TASK DETAILS: Omit the images, then print each record below exactly as it reads.

MATERIAL FOR THE TASK START

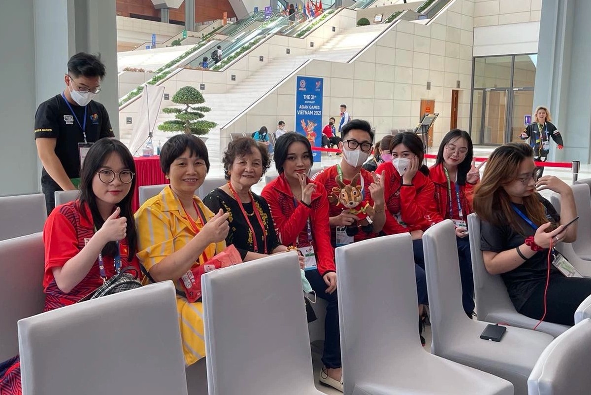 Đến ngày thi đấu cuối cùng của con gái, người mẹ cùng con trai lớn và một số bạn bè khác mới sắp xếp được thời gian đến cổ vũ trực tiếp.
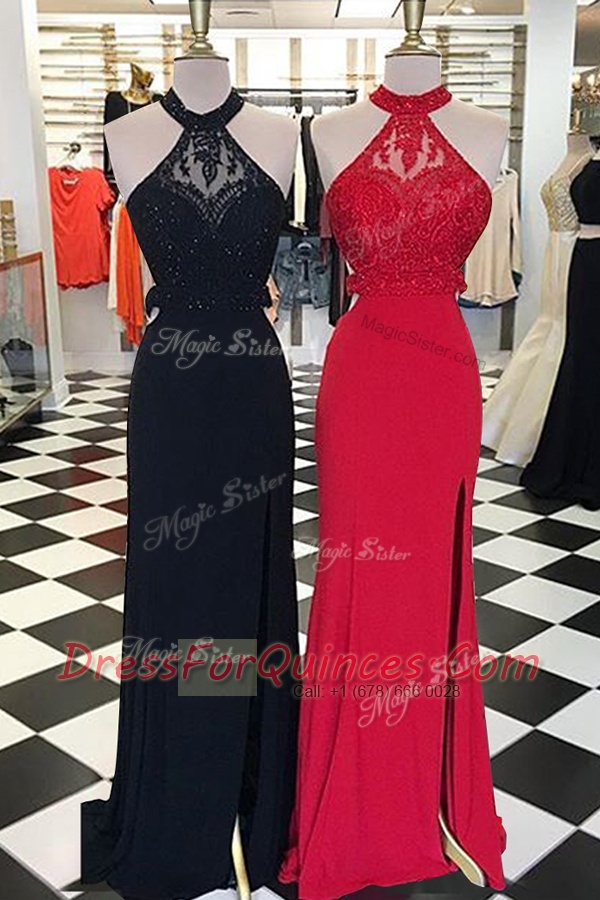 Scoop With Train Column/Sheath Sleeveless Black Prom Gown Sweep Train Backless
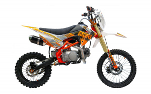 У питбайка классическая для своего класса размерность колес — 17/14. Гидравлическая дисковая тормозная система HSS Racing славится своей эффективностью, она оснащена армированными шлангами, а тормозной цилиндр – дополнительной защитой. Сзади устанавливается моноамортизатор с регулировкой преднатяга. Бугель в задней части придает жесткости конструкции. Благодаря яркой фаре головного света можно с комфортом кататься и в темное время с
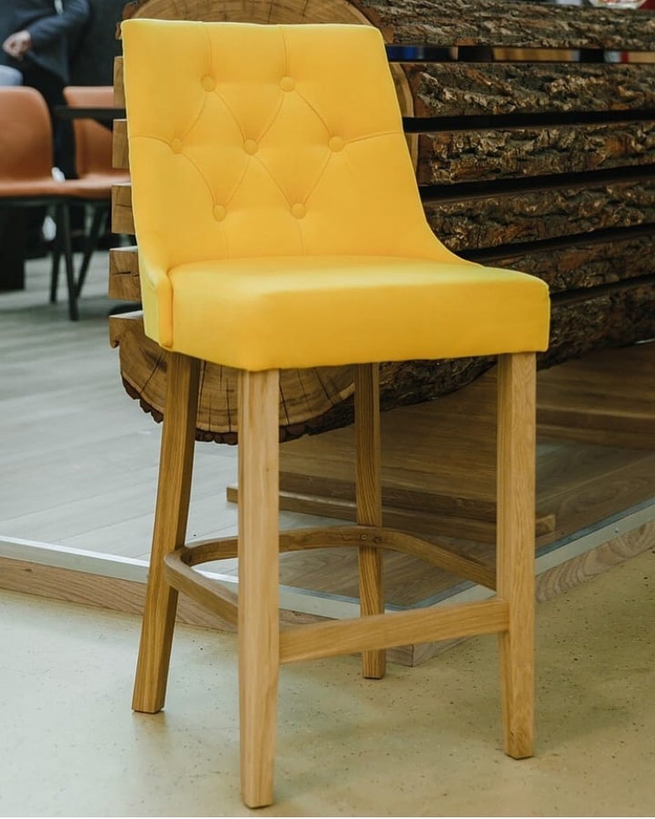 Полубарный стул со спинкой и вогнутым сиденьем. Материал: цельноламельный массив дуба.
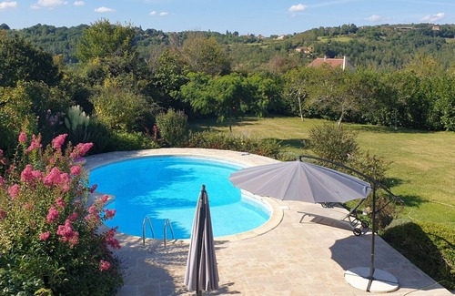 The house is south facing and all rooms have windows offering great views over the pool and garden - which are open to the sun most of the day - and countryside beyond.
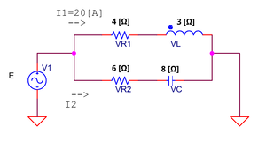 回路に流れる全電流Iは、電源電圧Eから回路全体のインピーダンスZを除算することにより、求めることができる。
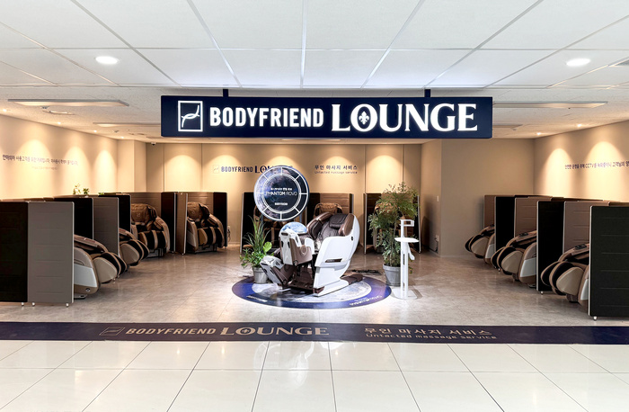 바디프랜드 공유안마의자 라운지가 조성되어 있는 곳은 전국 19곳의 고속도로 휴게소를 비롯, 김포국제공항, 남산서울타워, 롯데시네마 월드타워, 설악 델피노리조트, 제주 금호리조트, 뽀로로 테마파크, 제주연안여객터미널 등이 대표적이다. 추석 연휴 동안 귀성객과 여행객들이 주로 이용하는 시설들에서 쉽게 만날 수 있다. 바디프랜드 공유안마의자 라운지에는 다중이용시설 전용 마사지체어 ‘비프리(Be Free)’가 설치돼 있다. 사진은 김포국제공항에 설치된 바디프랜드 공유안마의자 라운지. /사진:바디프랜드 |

MATERIAL FOR THE TASK END

WRITTEN SOLUTION:
 Đến ngày thi đấu cuối cùng của con gái, người mẹ cùng con trai lớn và một số bạn bè khác mới sắp xếp được thời gian đến cổ vũ trực tiếp.
 Scoop With Train Column/Sheath Sleeveless Black Prom Gown Sweep Train Backless
 У питбайка классическая для своего класса размерность колес — 17/14. Гидравлическая дисковая тормозная система HSS Racing славится своей эффективностью, она оснащена армированными шлангами, а тормозной цилиндр – дополнительной защитой. Сзади устанавливается моноамортизатор с регулировкой преднатяга. Бугель в задней части придает жесткости конструкции. Благодаря яркой фаре головного света можно с комфортом кататься и в темное время с
 Полубарный стул со спинкой и вогнутым сиденьем. Материал: цельноламельный массив дуба.
 The house is south facing and all rooms have windows offering great views over the pool and garden - which are open to the sun most of the day - and countryside beyond.
 回路に流れる全電流Iは、電源電圧Eから回路全体のインピーダンスZを除算することにより、求めることができる。
 바디프랜드 공유안마의자 라운지가 조성되어 있는 곳은 전국 19곳의 고속도로 휴게소를 비롯, 김포국제공항, 남산서울타워, 롯데시네마 월드타워, 설악 델피노리조트, 제주 금호리조트, 뽀로로 테마파크, 제주연안여객터미널 등이 대표적이다. 추석 연휴 동안 귀성객과 여행객들이 주로 이용하는 시설들에서 쉽게 만날 수 있다. 바디프랜드 공유안마의자 라운지에는 다중이용시설 전용 마사지체어 ‘비프리(Be Free)’가 설치돼 있다. 사진은 김포국제공항에 설치된 바디프랜드 공유안마의자 라운지. /사진:바디프랜드 |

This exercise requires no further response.